▸ HOW TO COMPLETE THIS TASK: Pictures in the material below are to be left out, and only the lines from the line with "BasicLab Serum korygujące." up to and including the line with "Zestaw zawiera wszystko, czego" are to be written out exactly.

▸ RECORDS SHOWN:
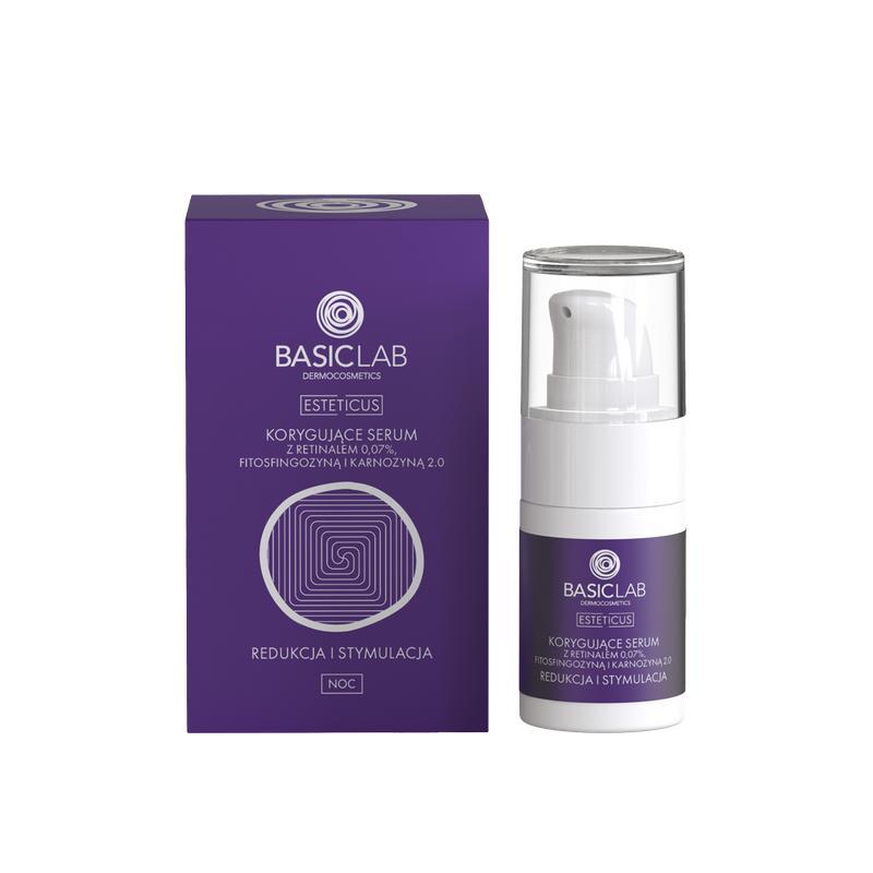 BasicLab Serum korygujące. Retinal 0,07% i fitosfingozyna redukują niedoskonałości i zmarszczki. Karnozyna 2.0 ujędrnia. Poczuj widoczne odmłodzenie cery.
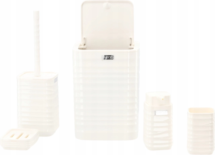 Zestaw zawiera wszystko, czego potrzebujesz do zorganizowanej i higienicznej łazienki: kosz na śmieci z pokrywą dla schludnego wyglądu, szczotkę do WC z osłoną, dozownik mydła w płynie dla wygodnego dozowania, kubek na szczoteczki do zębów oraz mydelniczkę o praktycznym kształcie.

==

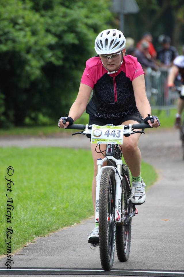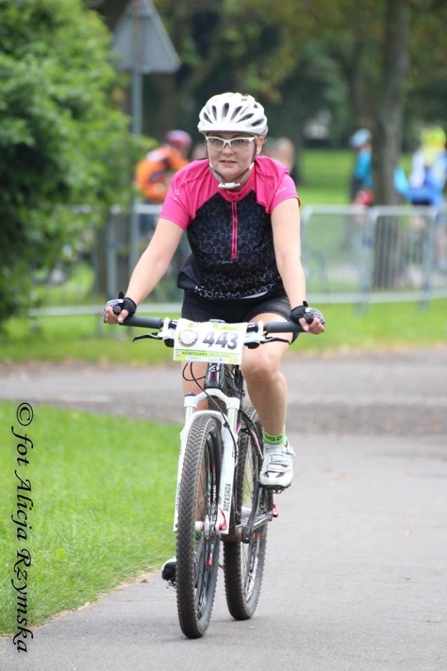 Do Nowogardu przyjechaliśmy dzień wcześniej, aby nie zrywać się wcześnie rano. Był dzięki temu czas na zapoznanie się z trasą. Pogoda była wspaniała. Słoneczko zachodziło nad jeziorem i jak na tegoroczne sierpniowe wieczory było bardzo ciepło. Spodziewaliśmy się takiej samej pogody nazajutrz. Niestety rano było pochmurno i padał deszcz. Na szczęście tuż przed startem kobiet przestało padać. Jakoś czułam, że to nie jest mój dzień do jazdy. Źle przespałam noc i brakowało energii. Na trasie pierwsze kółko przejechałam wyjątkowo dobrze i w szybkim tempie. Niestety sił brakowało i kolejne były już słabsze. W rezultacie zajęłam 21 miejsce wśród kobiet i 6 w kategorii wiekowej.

▸ RESPONSE AREA:
 BasicLab Serum korygujące. Retinal 0,07% i fitosfingozyna redukują niedoskonałości i zmarszczki. Karnozyna 2.0 ujędrnia. Poczuj widoczne odmłodzenie cery.
 Zestaw zawiera wszystko, czego potrzebujesz do zorganizowanej i higienicznej łazienki: kosz na śmieci z pokrywą dla schludnego wyglądu, szczotkę do WC z osłoną, dozownik mydła w płynie dla wygodnego dozowania, kubek na szczoteczki do zębów oraz mydelniczkę o praktycznym kształcie.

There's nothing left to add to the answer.